Economist Paul Krugman on Germany’s ‘Whips and Scourges’

BY Paul Solman  June 18, 2012 at 6:12 PM EST


Welcome to “Paul Krugman Week” here on Making Sen$e. We’ll be devoting the next five days to excerpts from our extensive interview with him a few weeks ago at his home in Princeton, N.J., plus parts of a public interview at the First Parish Church in Harvard Square, Cambridge with NPR’s Tom Ashbrook, the remarkably knowledgeable host of “On Point.” We also will excerpt our interview with economist Robin Wells, Krugman’s partner in life and textbook writing.

Making Sense

In our first installment, Krugman discusses European austerity, and makes the point that no country that has its own currency is experiencing the problems the eurozone now faces. Below, a rebuttal of sorts from Jacob Kirkegaard, a senior fellow at the Peterson Institute for International Economics.

> Germany’s Concern Is Moral Hazard, Not Morality

The principal assertion made by professor Krugman concerning the German response to the euro area crisis is that it is all about “morality and debt is evil”. That, however, is a mischaracterization of the underlying reasons for the German unwillingness to immediately sanction large bailouts and focus on harsh austerity measures in the euro area. The real issue is moral hazard, not morality, and is rooted in the design flaws of the common currency, which grants member states (or at least did until the crisis) full sovereignty over issues such as their banking sector and most fiscal policy.

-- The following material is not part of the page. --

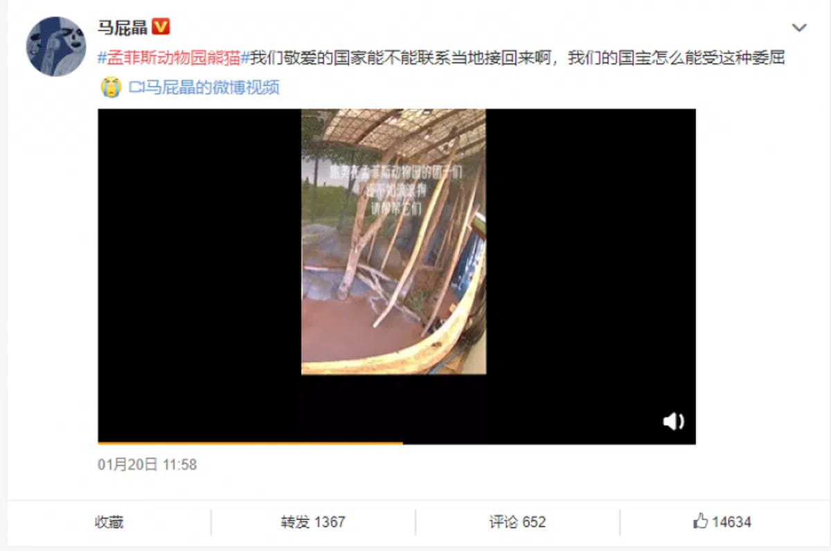 有网友1月19日在新浪微博上爆料称,美国田纳西州孟菲斯动物园(Memphis Zoo)的两只大熊猫丫丫和乐乐每天吃不饱肚子,瘦骨嶙峋,还疑似出现严重的“刻板行为”心理问题,即因感无聊和无助而反复作出一套动作。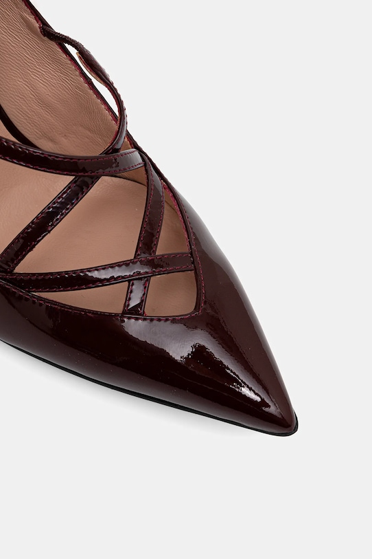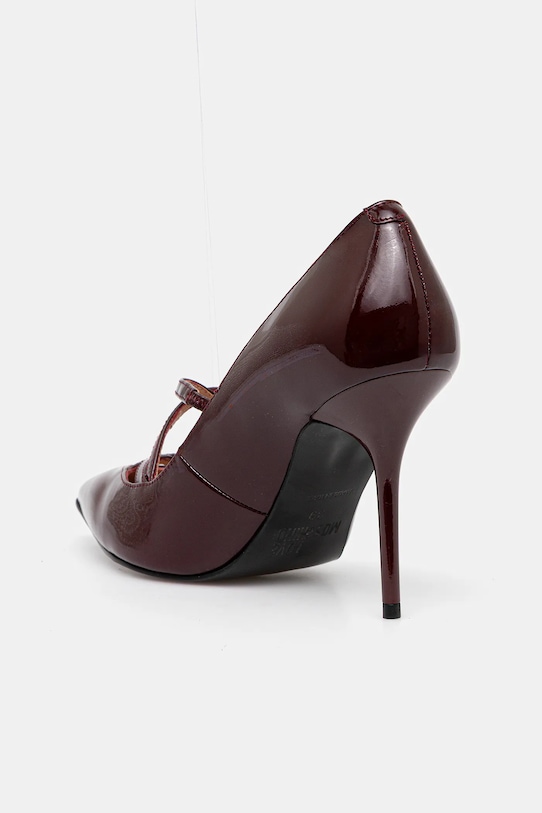 Эти лакированные туфли на шпильке из коллекции Love Moschino — эффектный дизайн для особых случаев. - Заостренный, жесткий нос. - Усиленный задник обеспечивает отличную поддержку лодыжки и пятки. - Застежка-пряжка со штифтом для индивидуальной подгонки. - Резиновая подошва прочная и устойчивая к повреждениям. - Модель на шпильке. - Кожаный салон. - Входящий в комплект тканевый чехол защищает изделие от пыли. - Высота каблука: 10 см. - Длина вставки: 25 см. - Размеры указаны для размера: 39.

There is no doubt that in the ideal world the best response to a financial crisis is to deploy the “Powell Doctrine” of deploying overwhelming public sector financial force to quickly restore confidence among private investors. Such bailout actions, however, are inevitably politically premised on full ability of the “bailout giver” to dictate the actions of the “bailout recipient.” There was no political problem in, for instance, the United States, when Congress passed the TARP (Troubled Asset Relief Program), as Congress is fully sovereign and can dictate the actions of U.S. recipients. Similarly with the standard modus operandi of the IMF (International Monetary Fund), which only grants bailouts to governments that sign on to tough economic reform programs beforehand and essentially lose their national sovereignty in process.

Jacob Kirkegaard

In the euro area, however, where governments retain sovereignty over their banking systems and fiscal policies, “overwhelming crisis response force” — the immediate introduction of joint debt in the form of eurobonds, for example — is not a credible political option. German taxpayers have no direct say in the election of the Italian and Spanish governments and therefore their conduct of banking and fiscal policy. Eurobonds therefore suffer from inherent democratic deficits and would amount to “taxation without representation.”

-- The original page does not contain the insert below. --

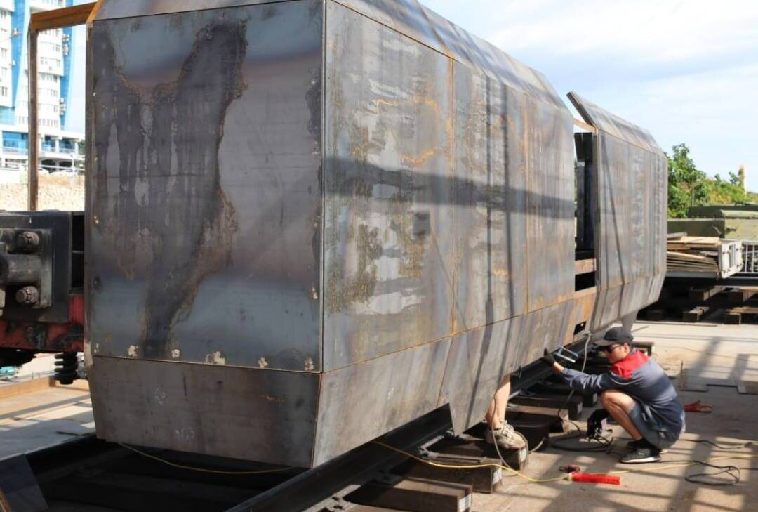 Полноразмерная модель бронепоезда времен войны устанавливается в Волгограде

Instead, Germany has focused on implementing the so-called Fiscal Compact, a new set of rules dictating the structural deficits that members of the euro can run, as well as other types of fiscal surveillance. This has led to significant fiscal austerity (including in core members like the Netherlands) and unquestionably deepened the regional economic slump in the short-term. However, it is not obvious that the large euro area periphery countries have a credible alternative. Would these countries be rewarded by investors for reversing austerity, and trying to reflate their still structurally unreformed economies instead? In all likelihood, no. The reality in both Spain and Italy — contrary to the United States — is that their labor market, and most of their product markets, remain sclerotic. Until structural reforms are implemented, additional stimulus spending would be wasted.

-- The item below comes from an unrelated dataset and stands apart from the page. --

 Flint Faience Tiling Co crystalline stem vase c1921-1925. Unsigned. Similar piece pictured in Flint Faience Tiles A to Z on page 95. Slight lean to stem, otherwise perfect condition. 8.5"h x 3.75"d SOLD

More broadly, though, the German focus on fiscal austerity should be understood as part of an longer-term process of European integration and the completion of economic and monetary union. As such, it should not be understood as “austerity only,” but “austerity first.” Without reestablishing fiscal consolidation and political integration (e.g. fiscal union), there will be no mutualization of sovereign debt (e.g. eurobonds). Austerity is best viewed as a necessary first step to limit the risks of moral hazard in the euro area.

One must further be on the guard for apples-and-oranges comparisons from the euro crisis. Professor Krugman’s comparison of Iceland and Greece is one. It seems probable that Greece made a terrible decision in joining the euro. However, while Iceland undoubtedly had the worst bankers (and the most-captured pre-2008 banking regulators), this small North Atlantic nation, with a population of just 317,000 and a GDP of $12 billion, by no means suffers from the deep structural economic problems that continue to plague Greece — and would still even if it could devalue. Iceland, apart from banking, is a generally well-managed economy with low levels of corruption and Greece is neither. Iceland ranks 13th in the world by Transparency international on corruption, while Greece is No. 80. And on competitiveness, the WEF ranks Iceland No. 30 in the world and Greece only No. 90. The introduction of the drachma would change none of these deep structural deficiencies and would in any case lead to a dramatic short-term collapse from the transition itself, much worse than the last three years of recession.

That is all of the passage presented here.